In order to make a diagnosis, it is necessary to rule out other illnesses that may also produce mouth sores and imitate Behçet's disease, such as systemic lupus, Crohn's disease (an inflammatory condition of the intestines) and other forms of vasculitis. HLA B 51 is a genetic marker that can sometime be present in patients with Behçet's syndrome.

How is Behçet's disease treated?

Different drugs are used to treat Behçet's disease, depending on how severe the illness is:

  • Corticosteroids, such as prednisone, are the main treatment. These drugs suppress inflammation and immune function.
  • Colchicine (Colcrys) may help with mouth and genital sores.
  • Other drugs that suppress the immune system, such as: methotrexate (Trexall, Rasuvo), azathioprine (Imuran, Azasan), and cyclophosphamide (Cytoxan, Neosar); and anti-TNF biologics, such as infliximab (Remicade) and etanercept (Enbrel), are useful in more severe cases.
  • Recently, Apremilast (Otezla), an oral medication (taken by mouth), was found to be effective in controlling mouth ulcers in Behçet's disease.
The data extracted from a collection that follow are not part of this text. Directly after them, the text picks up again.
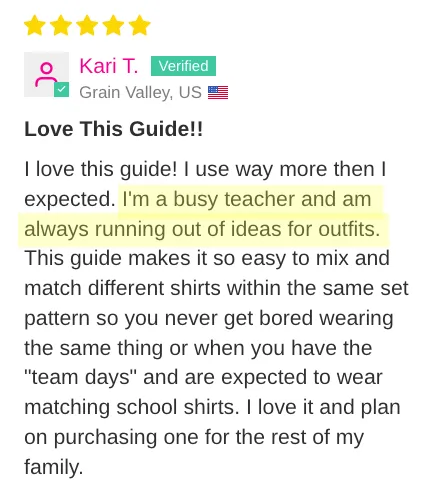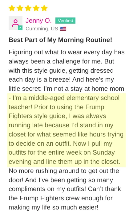 "I’m a middle-aged elementary school teacher...Prior to using the Frump Fighters style guide, I was always running late because I’d stand in my closet for what seemed like hours trying to decide on an outfit. Now I pull my outfits for the entire week on Sunday evening and line them up in the closet. No more rushing around to get out the door! And I’ve been getting so many compliments on my outfits! Can’t thank the Frump Fighters crew enough for making my life so much easier!"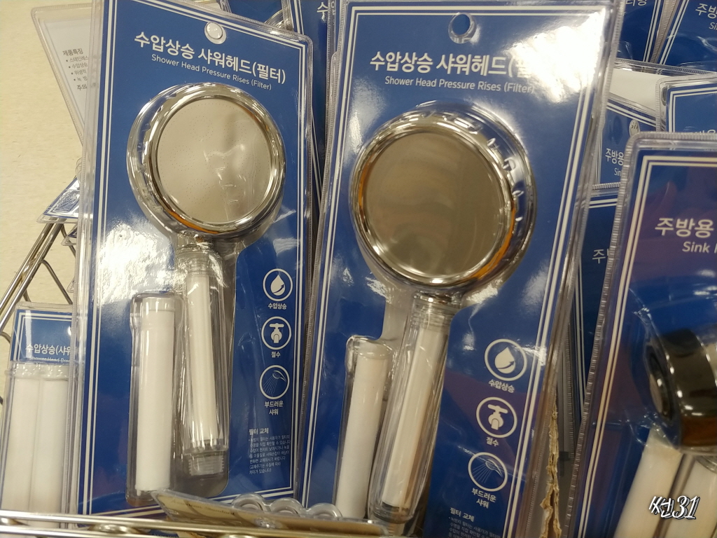 수압상승 샤워헤드도 있고 주방 싱크대용도 있고 제가 산것은 금색테가 둘러진건데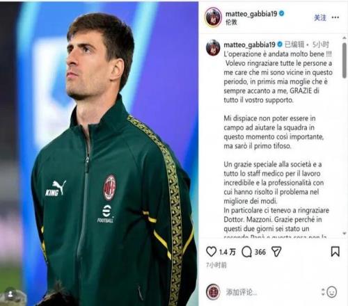 米蘭后衛(wèi)加比亞更新社媒動態(tài),確認(rèn)已成功接受腹股溝疝手術(shù)。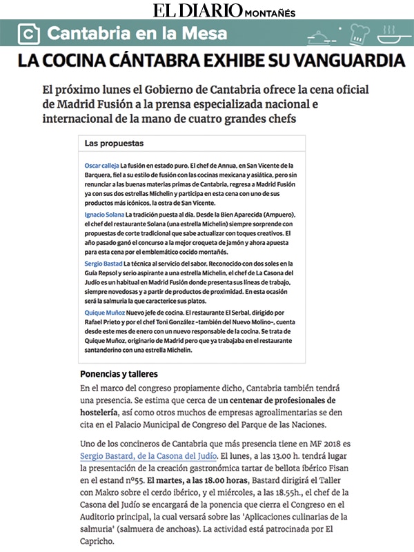 Ponencias y Talleres con uno de los mejores cocineros de Cantabria que más presencia tiene en MF 2018 es Sergio Bastard, el lunes a las 13,00h. tendrá lugar la presentación de la creación gastronómica tartar de bellota ibérico Fisan
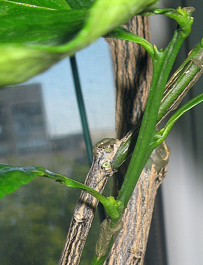 Сегодня заметил прорастание пред последней прижившейся на сегодня прививки на моём дерево-саде.
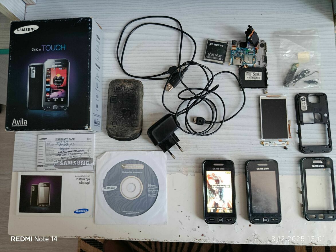 Samsung Avilla + Wszystko To Co Na Zdjęciu Do Niej 2 Telefony 1 Telefon Się Uruchamia Nie działa Dotyk.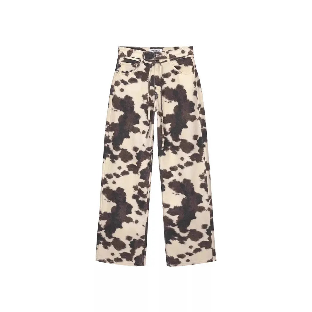 Womens Retro Washed Denim Jeans With Cow Print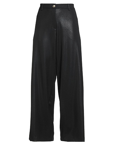 wide-leg pants, crepe, metallic, solid color, no appliqués, mid rise, regular fit, zipper fastening, 1 button, multipockets, stretch, dry clean, do not bleach, do not tumble dry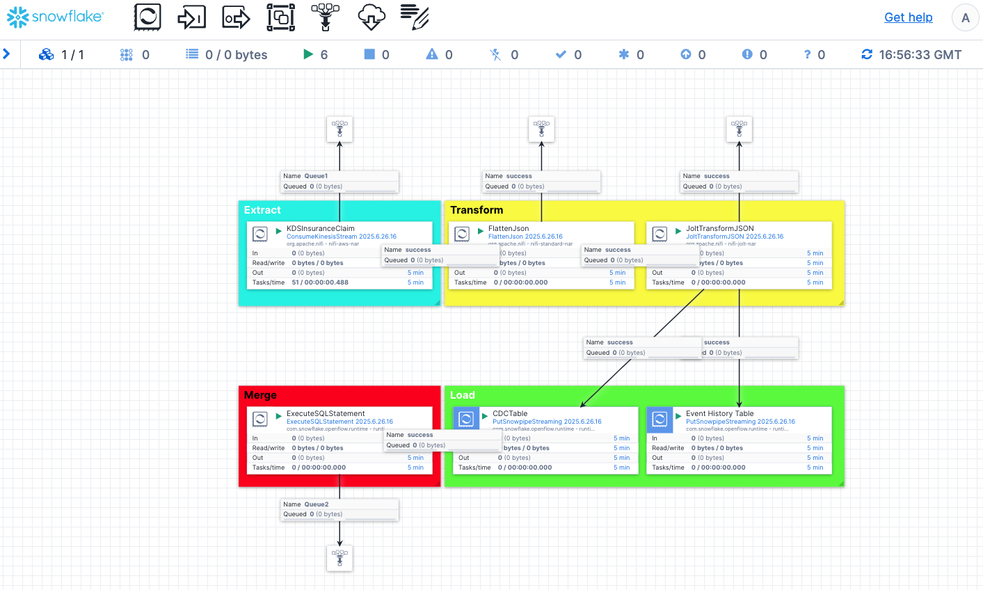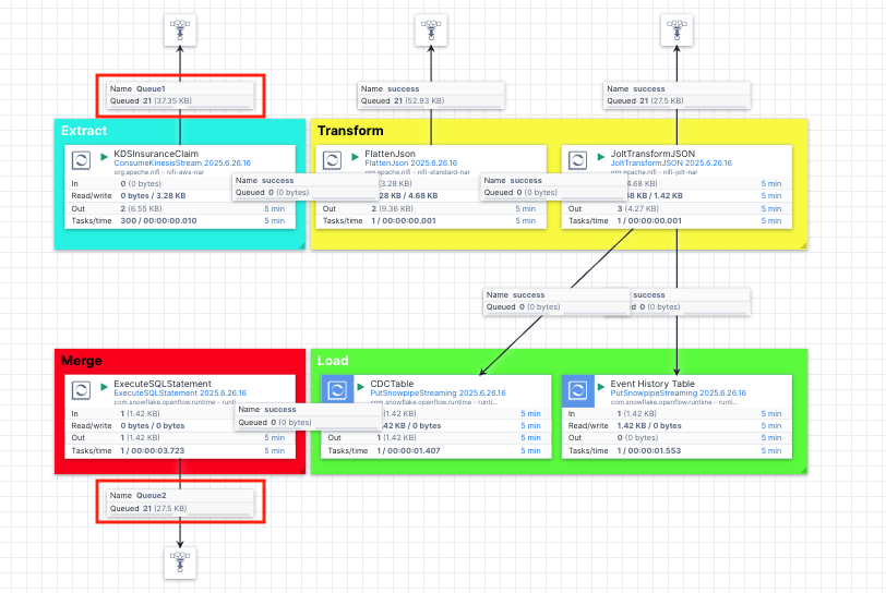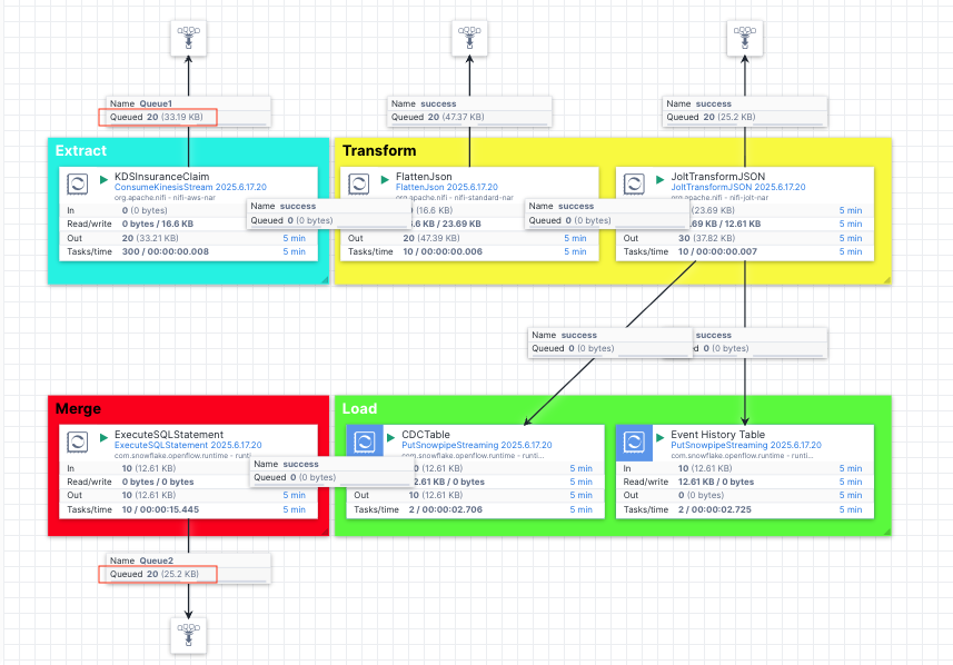 PutSnowpipeStreamingprocessors in this stage are used to stream the jsons into the CDC and event history tables we created previously. - Merge: At this stage, we use the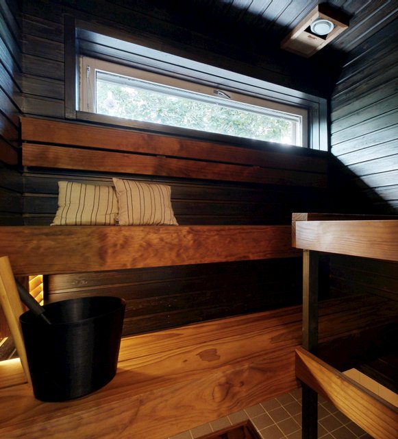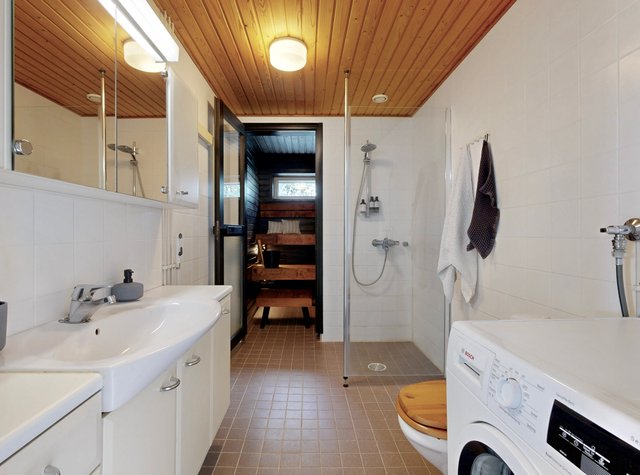 - VARUSTUS: Sähkökiuas. SEINÄ: Puu. LATTIA: Kaakeli.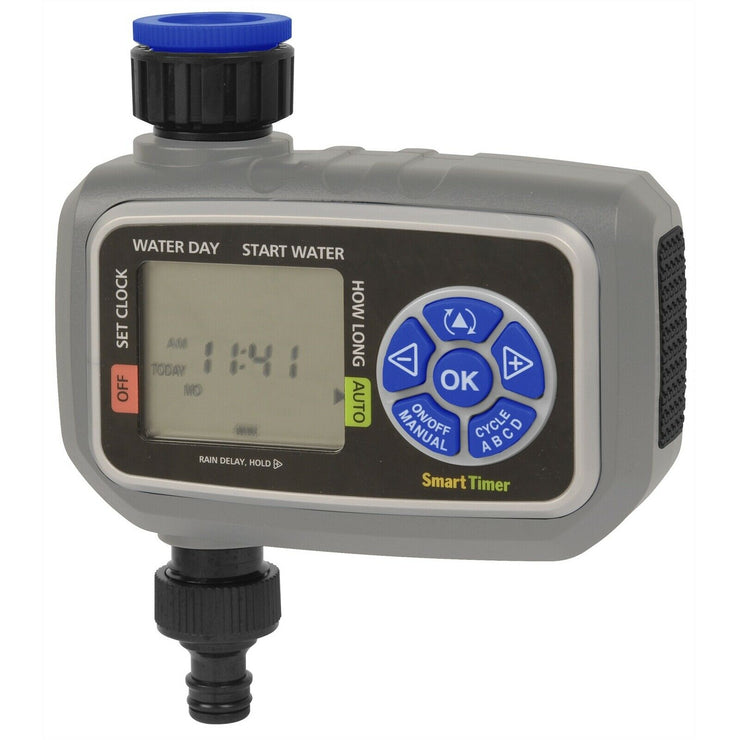 The Aqua Systems Automatic Electronic tap timer is a fully programmable and easy to use. It features a large LCD screen and dial which allows you to easily control water duration and frequency. The timer also has a manual ON/OFF watering feature as well as a rain delay function which will pause the program during bouts of wet weather.

What is the prognosis (outlook) for patients with Behçet's disease?

Behçet's disease is a chronic disease that may disappear and reappear regardless of treatment. This sometimes makes it difficult to tell how well treatment might be working. Most Behçet's patients live out a full life, although they will probably deal with some level of symptoms throughout this time.

Death occurs in about four percent of Behçet's cases. Causes of death are most often intestinal perforation (hole), strokes, and rupture of enlarged, weakened blood vessels (aneurysms).